It is reported that Ghanaian contemporary artist, Ibrahim Mahama knitted together jute charcoal sacks into a tapestry for exhibition at a Dublin gallery that paid him $150k. The shrewd buyers cut it up into 294 pieces for Ibrahim to sign & priced each at $16,700. Ibrahim disowned the work but the buyers sued, but the court settled. 

 

The Los Angeles dealer and artist agent Stefan Simchowitz and the Dublin dealer Jonathan Ellis King have settled their legal case against the Ghanaian artist Ibrahim Mahama. A Californian court dismissed the lawsuit on 4 May after a lengthy battle that first began in June 2015 when the dealers sued Mahama for declaring hundreds of jute sack works inauthentic, potentially costing them $4.5m.

The row centred on six lots of jute sack material, which Mahama sold to Simchowitz and Ellis King for £90,000 in 2013. The artist repurposes the coarse brown sacks that are used to transport coal in Ghana, stitching them together to create tapestry-like installations.

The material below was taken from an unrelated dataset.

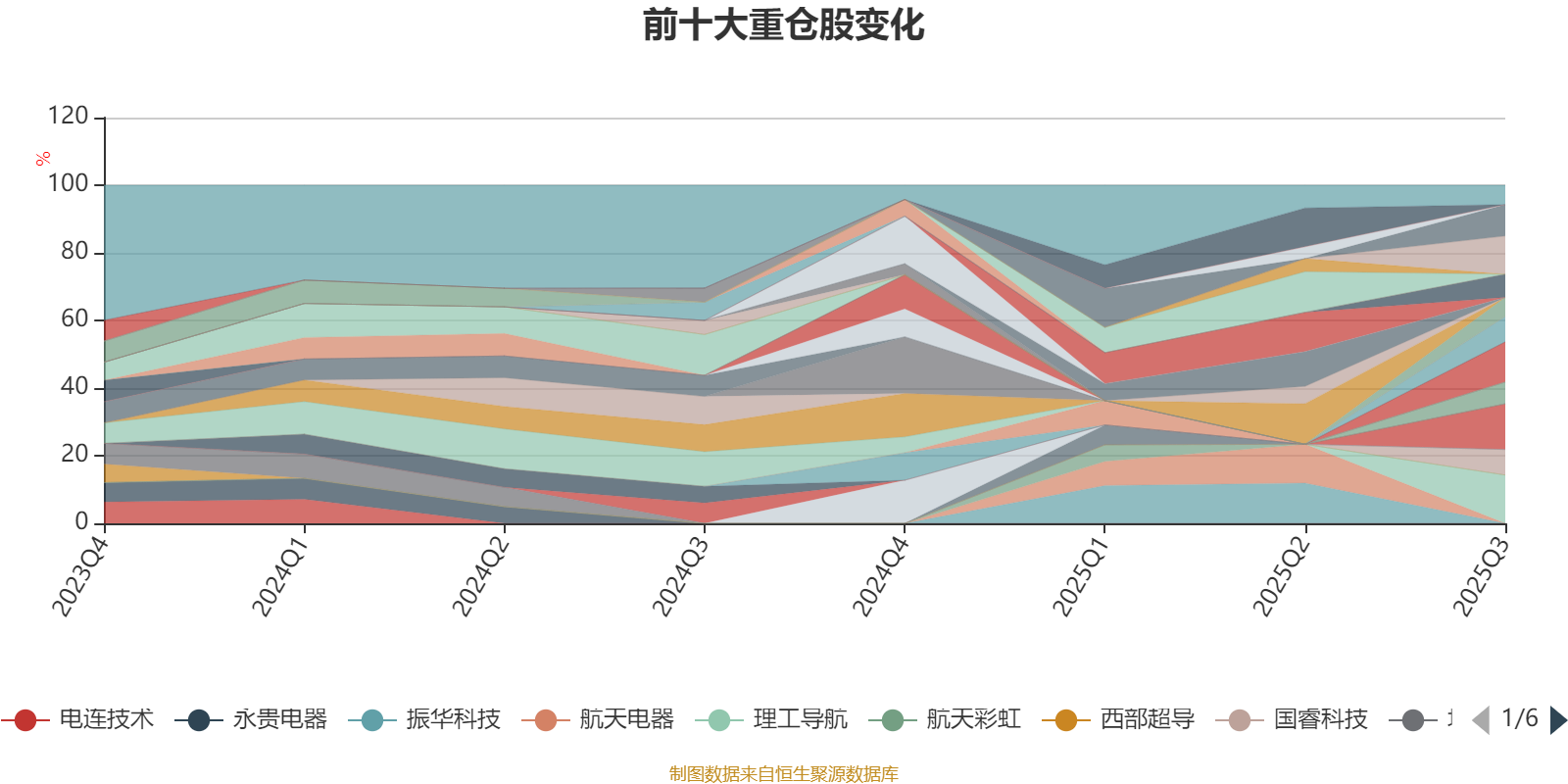 该基金持股集中度较高,近2年前十大重仓股集中度长期超过60%。截至2025年三季度末,基金十大重仓股分别是理工导航、中航沈飞、中航高科、中航成飞、高德红外、国睿科技、洪都航空、金天钛业、西部材料、中航西飞。

Mahama countersued in March, claiming that Simchowitz and Ellis King “mutilated” his work by cutting it up into around 300 pieces, and stretching and framing them to sell individually “all without any required written authorisation” from the artist. Mahama’s countersuit alleged the dealers violated the 1990 Visual Artists Rights Act, which protects an artist from “any intentional distortion, mutilation, or other modification of the work”.

However, Simchowitz and Ellis King claimed Mahama agreed to create “a series of smaller, unique art works” from four of the six lots of jute material, which they would have “the exclusive right to sell”. According to the original complaint, Mahama signed the 294 “individual works” at Ellis King’s gallery in December 2014. After an exhibition at the gallery that month, 27 pieces were sold at around $16,700 each.

In their lawsuit, Simchowitz and Ellis King demanded the artist authenticate the works. Meanwhile, Mahama’s counterclaim sought an injunction preventing the dealers from selling any more pieces from the series.

The terms of the settlement remain confidential, although the case was permanently dismissed in its entirety. Both parties must pay their own costs and legal fees.